3.1 Characteristic domains
3.2 Characteristic domains for imperative languages
3.3 Declarative languages: no storable values


The languages studied in the previous chapter are small but each already has a unique character. They are called core languages because they have a ``core'' of primitive operations on data and storage. We will learn how to add extensions (like procedures, modules, iterators) to a core language.

But first we must understand what constitutes a ''core language.'' The key question is, ``What concepts can you express and compute in the language?'' Some languages are general purpose because they give a starting point for modelling many problem areas. Examples are Fortran, Algol, Pascal, C, Scheme, Smalltalk, Prolog, ML, C++, Python, Ruby, Java, and C#.

Other languages are special purpose or domain specific, because they express concepts specific to a problem area, like word processing, or data mining, or avionics. (Think about what you can express and compute in HTML or SQL.)

In this chapter we learn how to desribe a core language in terms of its characteristic domains.


3.1 Characteristic domains

To understand or design a language, we must state what the language can talk about, name, and remember. Christopher Strachey, a professor at Oxford University in the 1960s and '70s, observed that key language notions are organized into characteristic domains:

expressible values: What can you write in an expression?
denotable values: What can you give a name to?
storable values: What can you assign into storage and update?
The way these questions are answered define the characteristic domains of the core language. Here are the details:
  1. expressible values: What values can the language express and compute upon? (What kinds of expressions can you write?) The expressible values for a typical general-purpose language include numbers and strings. Systems languages like C let us express locations (``pointers''). Scripting and artificial-intelligence languages can express dynamic data structures like lists, arrays, and hash tables.

    If the language is domain specific, the expressible values will reflect this. For example, a word-processing language will have characters, strings, and files as expressible values. A language for writing flight-control software will express fractional numbers (floats) as inputs and outputs for hardware sensors on an airplane. Perhaps the sensors themselves are expressed. A game-playing language uses expressibles like numbers, positions, players, and directions for movement. A graphics language uses numbers, positions, colors, and shapes.

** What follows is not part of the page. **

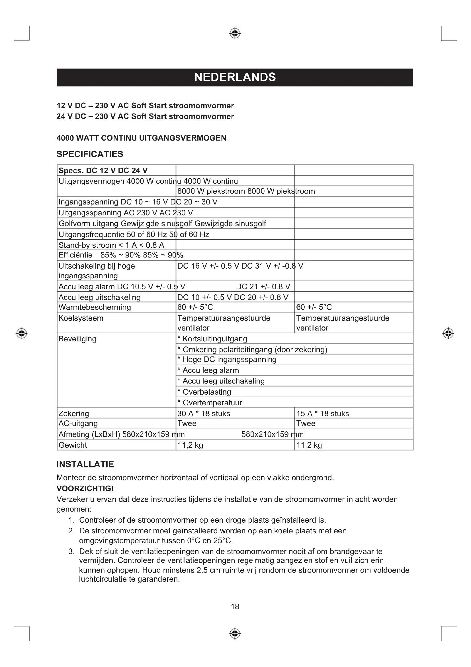 SPECIFICATIES Specs. DC 12 V DC 24 V Uitgangsvermogen 4000 W continu 4000 W continu 8000 W piekstroom 8000 W piekstroom Ingangsspanning DC 10 ~ 16 V DC 20 ~ 30 V Uitgangsspanning AC 230 V AC 230 V Golfvorm uitgang Gewijzigde sinusgolf Gewijzigde sinusgolf Uitgangsfrequentie 50 of 60 Hz 50 of 60 Hz Stand-by stroom < 1 A < 0.8 A Efciëntie 85% ~ 90% 85% ~ 90% Uitschakeling bij hoge ingangsspanning DC 16 V +/- 0.5 V DC 31 V +/ -0.8 V Accu leeg alarm DC 10.5 V +/- 0.5 V DC 21 +/- 0.8 V Accu leeg uitschakeling DC 10 +/- 0.5 V DC 20 +/- 0.8 V Warmtebescherming 60 +/- 5°C 60 +/- 5°C Koelsysteem Temperatuuraangestuurde ventilator Temperatuuraangestuurde ventilator Beveiliging * Kortsluitinguitgang

    The expressible values will come with operations that compute on them, for example, addition and subtraction for integers and find-string, append-string, replace-string for strings. There can be operations on positions, colors, shapes, etc. The operations define the computational capabilities of the language.

    Expressible values are represented in the language's syntax as expressions, and they are represented in the language's implementation as temporary values (values that come-and-go, saved in registers or in a temporary-value stack).

  2. denotable values: What values can be named? This is important, because in spoken language, we give names to concepts that are worth remembering and repeating. A typical general purpose language lets you name locations in storage that hold integers, booleans, characters, etc. We call such names, ``variable names.'' It is also common that a language lets you name a code segment, like a procedure or a function.

    There are usually two operations for denotable values: definition (binding a name to its value) and lookup (retrieving the value associated with a name).

    Denotable values are usually represented in syntax by declarations and they are implemented within a namespace or environment (also called symbol table or activation record).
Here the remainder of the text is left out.